"She's wandered away!" sobbed Mrs. Balcome. "Half-crazed with it all!
Heart-broken! Heart-broken!"

With a muffled growl, Balcome once more fell upon Ikey, who had been watching and listening from a discreet distance. "Where is Miss Milo, I say!" he demanded as he swooped.

But Ikey's determination did not fail him, though his teeth chattered.
"I—I—d-d-don't know!" he protested for the tenth time.

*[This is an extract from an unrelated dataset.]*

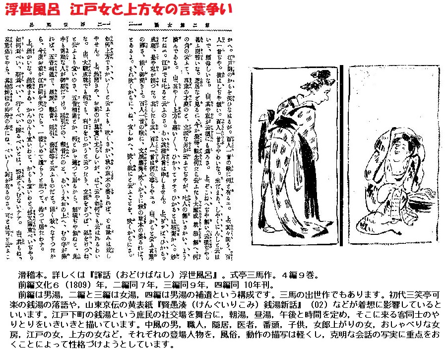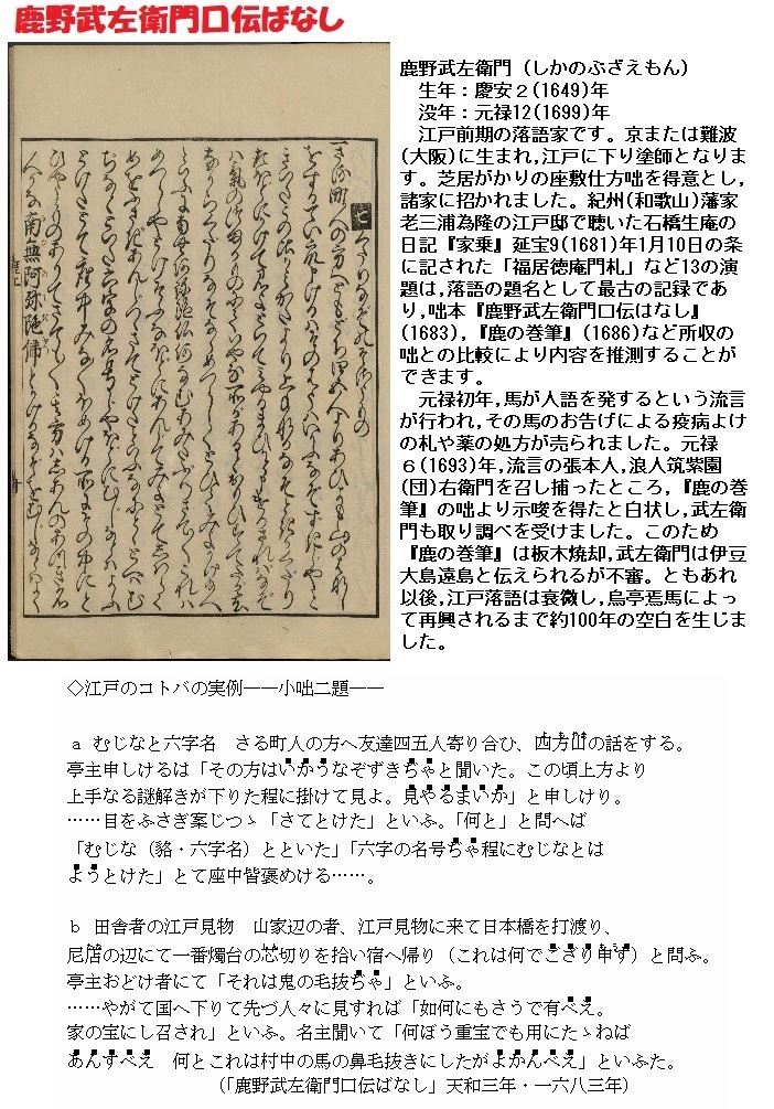 上の図版のa bは江戸落語の祖となった咄本から引用したものですが、aの●印は明らかに上方語です。関東ではダとかヨクとか言うのです。この他〈……しゃる・……さかいに・いうた〉などもごく普通にみえます。ただ、bで山家の者がベイを用いているところは注意されます。ほかの話にもやはりベイが見えますが、その他に〈ワグレ(お前)・デカバチナイ(大きい)・ツボッコイ(可愛いゝ)・ウッポレタ(とても惚れた)〉などの関東方言が見られます。こうした方言は現在でも関東地方や東北地方の方言の中に見出すことが出来るのです。概して江戸の中心部より遠い人々に現代から見て方言的なコトバを使わせている点は見逃せません。これは一面元禄の頃には関東方言の一部が府外に排除されて、江戸府内のコトバが独自なものとして創造されてきたことを物語るものでしょう。

"Oh, terrible! Terrible!"—this in a fresh burst from Mrs. Balcome.
"Oh, what did I say what I did for!"

"Don't cry! Don't cry!" comforted Wallace. "We'll hunt for her.
Police, and detectives——"

A crash of piano notes interrupted from the drawing-room. Then through open door and windows floated the first bars of "Comin' Thro' the Rye"—with an accompaniment in rag-time. As one the group in the Close turned toward the house.

"Hattie?" exclaimed Mrs. Balcome.

"Hattie!" faltered Wallace.

"Hattie!"—it was a crisp bass summons from Hattie's father.

Hattie put her head out at the door. "Good-morning, mother!" she called cheerily. "Good-morning, dad! Good-morning,—Wallace."